In a Grove
- Author: Ryūnosuke Akutagawa
- Original title: 藪の中 (Yabu no naka)
- Translator: Takashi Kojima Jay Rubin James O'Brien
- Language: Japanese
- Genre: Short story
- Publisher: Shinchō
- Publication date: 1922
- Publication place: Japan
- Published in English: 1952, 1988, 2007
- Media type: Print

= In a Grove =

1922 short story by Ryūnosuke Akutagawa

In a Grove (藪の中, Yabu no naka), also translated as In a Bamboo Grove, is a Japanese short story by Ryūnosuke Akutagawa first published in 1922. It was ranked as one of the "10 best Asian novels of all time" by The Telegraph in 2014. In a Grove has been adapted several times, most notably by Akira Kurosawa for his award-winning 1950 film Rashōmon.

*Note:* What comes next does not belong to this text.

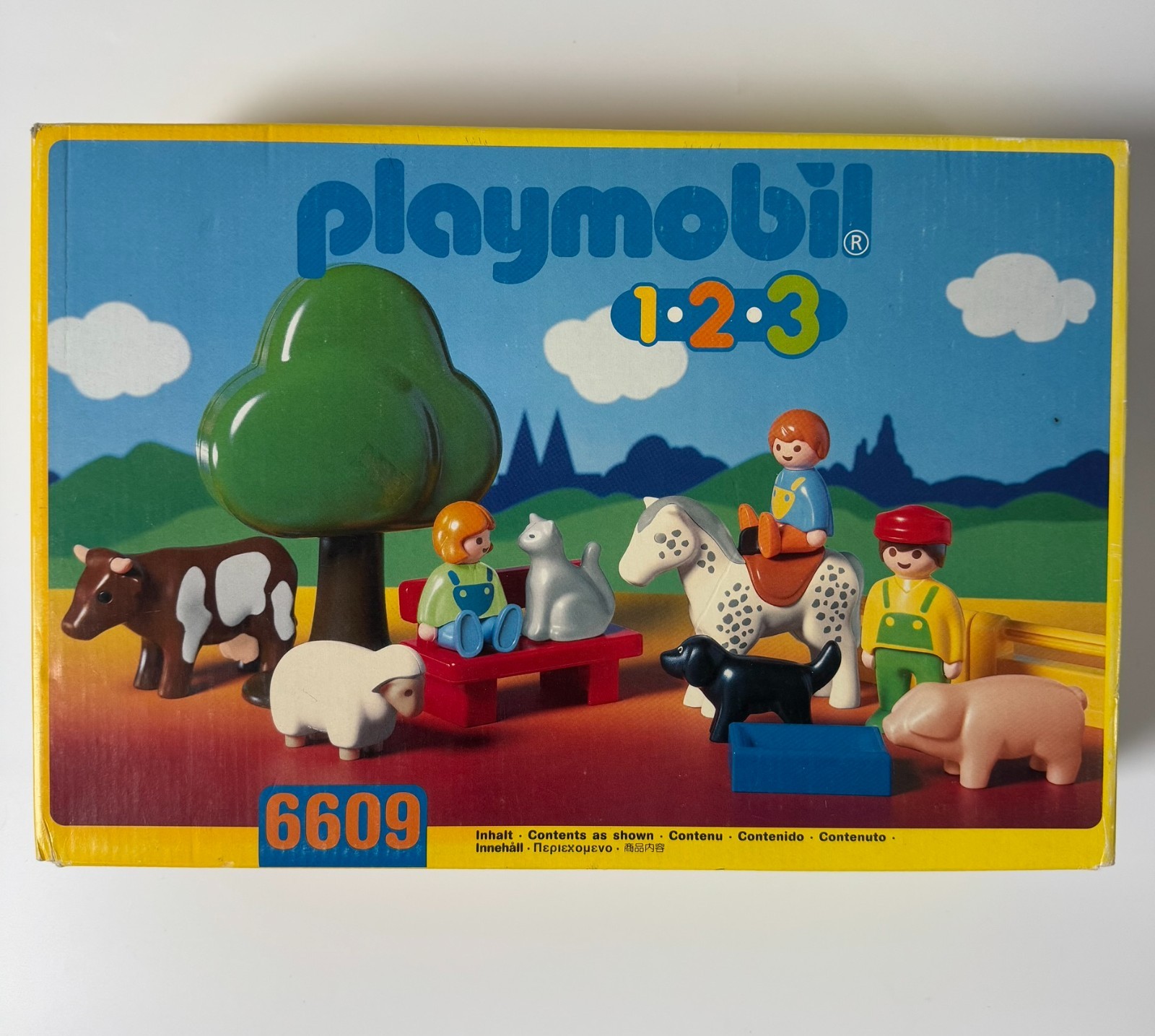 Playmobil 1-2-3 6609 Farm Animals and People Playset from 1999 (Factory-Sealed)

The story centers on the violent death of young samurai Kanazawa no Takehiro, whose body has been found in a bamboo forest near Kyoto. The preceding events unfurl in a series of testimonies, first by passers-by, an auxiliary policeman and a relative, then by the three main protagonists – the samurai, his wife Masago, and bandit Tajōmaru – but the truth remains hidden due to the contradictory recounts given.

==Plot==
The story opens with testimonies given to a police commissioner. The first account is by a woodcutter who has found a man's body in the bamboo groves near the road to Yamashina. The man's chest had been pierced by a sword, and the blood from the wound and on the ground had already dried up. Asked by the commissioner, the woodcutter denies having seen any weapons or a horse. The only objects which caught his attention were a comb and a piece of rope near the body. He also comments on the trampled leaves at the site, indicating to him that there had been a violent struggle.

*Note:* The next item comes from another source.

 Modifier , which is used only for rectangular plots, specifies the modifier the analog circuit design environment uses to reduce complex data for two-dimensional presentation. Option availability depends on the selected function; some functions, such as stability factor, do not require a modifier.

The second testimony is given by a traveling Buddhist priest. He says that he saw the man, who was accompanied by a woman on horseback with a veiled face, on the road from Sekiyama to Yamashina around noon the previous day. The man was carrying a sword, a bow and a black quiver with arrows. Upon request, he describes the horse as a tall, short-maned sorrel.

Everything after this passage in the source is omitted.